/---

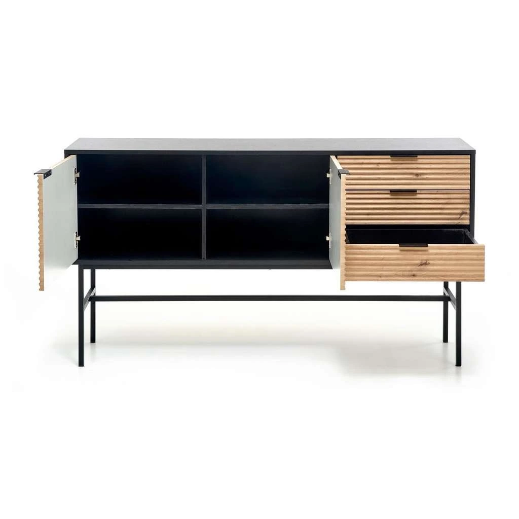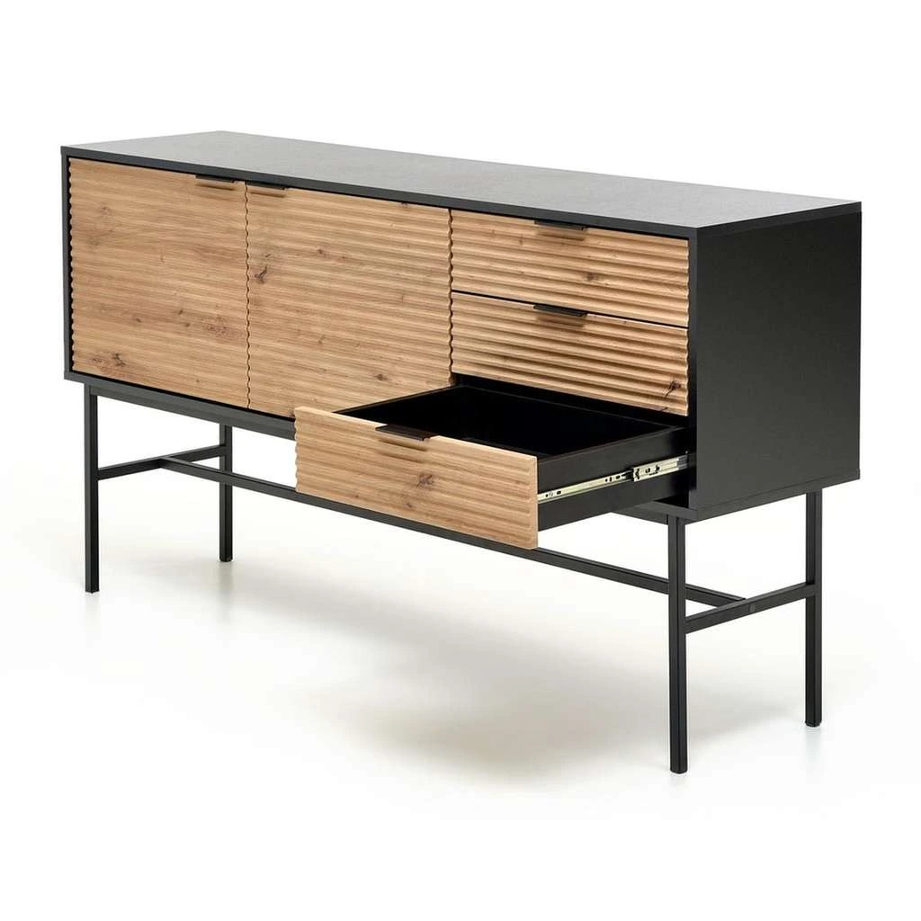 Komoda Murano prináša do vášho interiéru jedinečný spoj dizajnového a industriálneho štýlu. Jej prvotriedna kombinácia dreva a kovu vytvára pevnú a zároveň štýlovú konštrukciu, ktorá poslúži ako praktický a dekoratívny prvok vo vašej domácnosti alebo kancelárii.
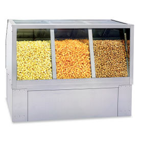 Make an impact and sell more with three separate compartments/doors in this warmer. The forced hot air keeps corn fresh and crisp. It's perfect for shops offering multiple corn flavors, and is also good for frosted nuts or other items you would like to visually merchandise and serve warm. Shown on GM-2446BSD base, sold separately.
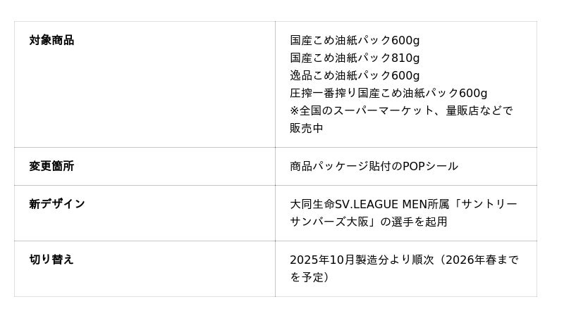 「お米の油は、つの食品。」築野食品工業株式会社(本社:和歌山県伊都郡かつらぎ町 代表取締役社長 築野富美(https://www.tsuno.co.jp/ )は、紙パックタイプこめ油各種のPOPシールデザインを新デザインへ一新いたします。当社は昨シーズンに引き続き、2025-26シーズンもバレーボールチーム・大同生命SV.LEAGUE MEN所属「サントリーサンバーズ大阪」とオフィシャルパートナー契約(プラチナパートナー)をしており、新デザインには期間限定で同チームの選手を起用しております。2025年10月製造分より順次切り替えを開始いたします。
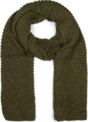 Damen langer Strick Schal mit Wellen Strickmuster, warmer Winter Strickschal Einfarbig 01018168, Farbe:Oliv
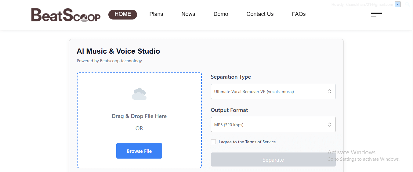 Open the audio separation tool on the BeatScoop website. The application automatically separates and cleans audio components using AI technology.
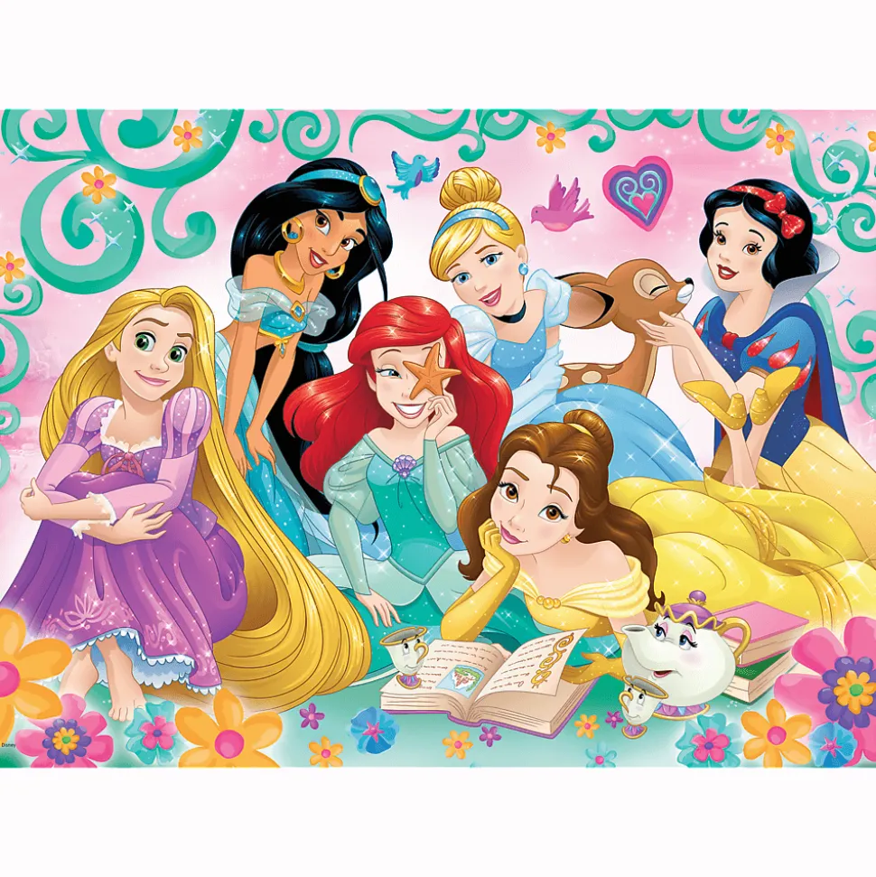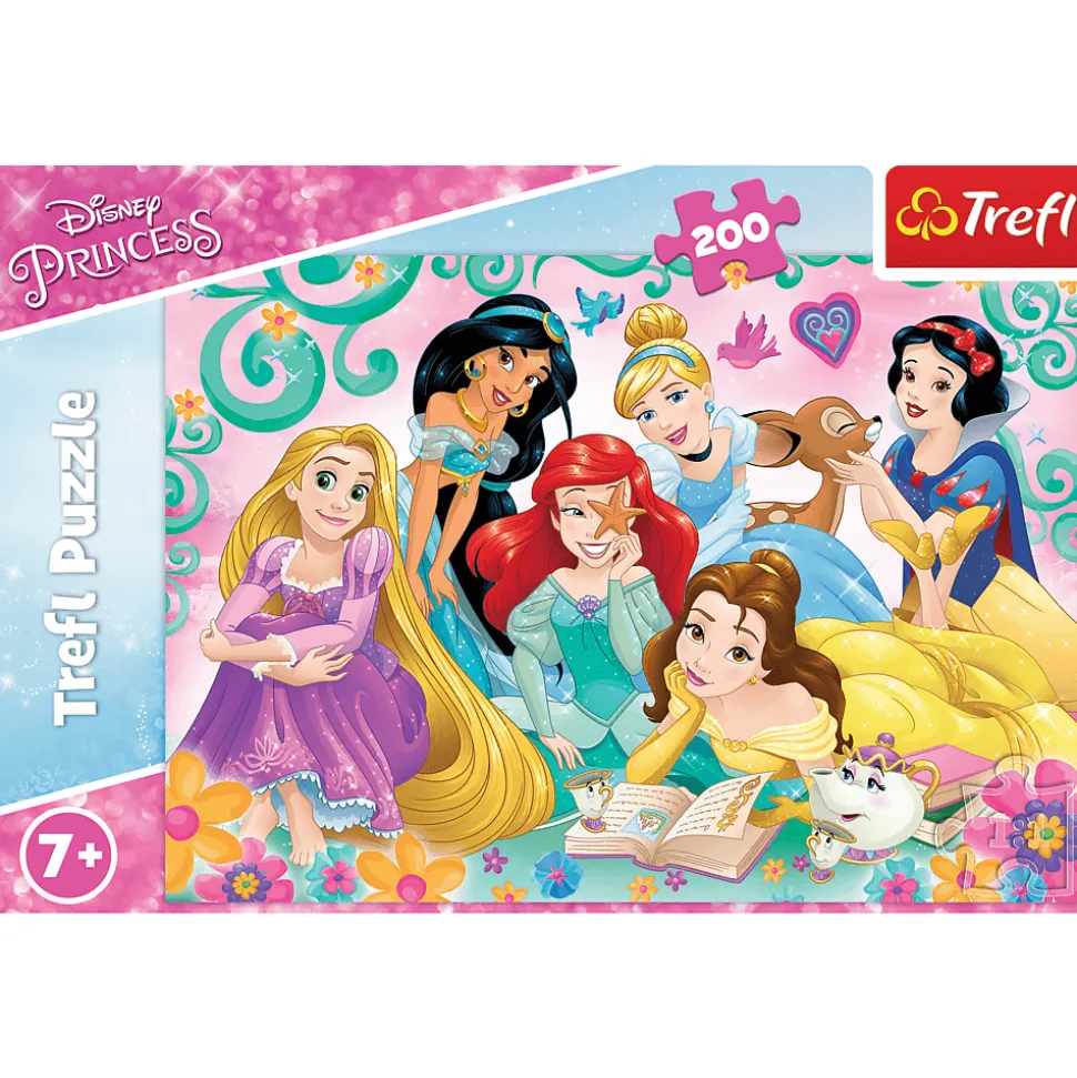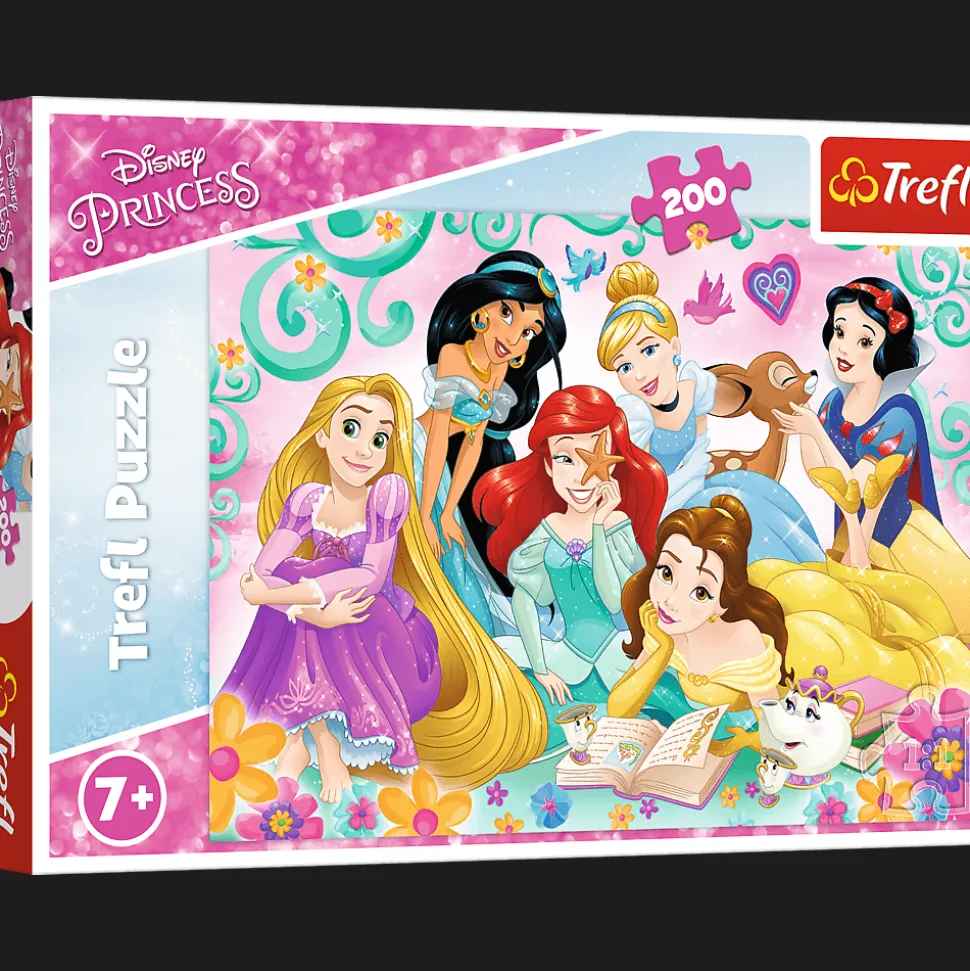 „Radosny świt księżniczek” to puzzle składające się z 200 elementów z bohaterkami bajek Disney. Po ułożeniu powstanie obrazek o wymiarach 48×34 cm. Wysoką jakość, nasycenie kolorów i bezpieczeństwo układania zapewnia kalandrowany papier odbijający światło i wykorzystanie materiałów ekologicznych.

\---

◆ **Instructions for the task**:
Your answer should be an exact copy of the entries above, with no images included.

◆ **Completed exercise**:
 Komoda Murano prináša do vášho interiéru jedinečný spoj dizajnového a industriálneho štýlu. Jej prvotriedna kombinácia dreva a kovu vytvára pevnú a zároveň štýlovú konštrukciu, ktorá poslúži ako praktický a dekoratívny prvok vo vašej domácnosti alebo kancelárii.
 Make an impact and sell more with three separate compartments/doors in this warmer. The forced hot air keeps corn fresh and crisp. It's perfect for shops offering multiple corn flavors, and is also good for frosted nuts or other items you would like to visually merchandise and serve warm. Shown on GM-2446BSD base, sold separately.
 「お米の油は、つの食品。」築野食品工業株式会社(本社:和歌山県伊都郡かつらぎ町 代表取締役社長 築野富美(https://www.tsuno.co.jp/ )は、紙パックタイプこめ油各種のPOPシールデザインを新デザインへ一新いたします。当社は昨シーズンに引き続き、2025-26シーズンもバレーボールチーム・大同生命SV.LEAGUE MEN所属「サントリーサンバーズ大阪」とオフィシャルパートナー契約(プラチナパートナー)をしており、新デザインには期間限定で同チームの選手を起用しております。2025年10月製造分より順次切り替えを開始いたします。
 Damen langer Strick Schal mit Wellen Strickmuster, warmer Winter Strickschal Einfarbig 01018168, Farbe:Oliv
 Open the audio separation tool on the BeatScoop website. The application automatically separates and cleans audio components using AI technology.
 „Radosny świt księżniczek” to puzzle składające się z 200 elementów z bohaterkami bajek Disney. Po ułożeniu powstanie obrazek o wymiarach 48×34 cm. Wysoką jakość, nasycenie kolorów i bezpieczeństwo układania zapewnia kalandrowany papier odbijający światło i wykorzystanie materiałów ekologicznych.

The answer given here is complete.